Be assured that I do not want to blame parents for causing the problem. Parents have been blamed for far too many years. However, parents can change their attitudes and improve their communication skills which will help their adult child.
When parents use validation, the emotionality of a person with borderline will decrease.
This strategy will help those with ill spouses or ill parents too.
Validation is mentioned in Marsha Linehan’s Skills Training Manual for Treating Borderline Personality Disorder (BPD). To understand validation, we need to understand the biosocial theory of BPD. The main tenet of Linehan’s biosocial theory is that “the core disorder in BPD is emotional dysregulation. In other words, people with BPD have difficulties regulating several, if not all, their emotions.”

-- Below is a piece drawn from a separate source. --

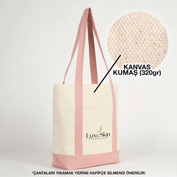 Trend Kanvas Çanta 40x35x12cm – Pembe Renkli Kulp

There is a biological component and an environmental component. She posits that their problems occur because of an emotional vulnerability of the child and maladaptive or inadequate responses from their environment to emotion modulation strategies. She suggests that a child can have problems either because parents are unable to sooth their children due to the child’s over emotionality and /or the over emotionality of the child creates an environment that causes the parents to react in invalidating ways.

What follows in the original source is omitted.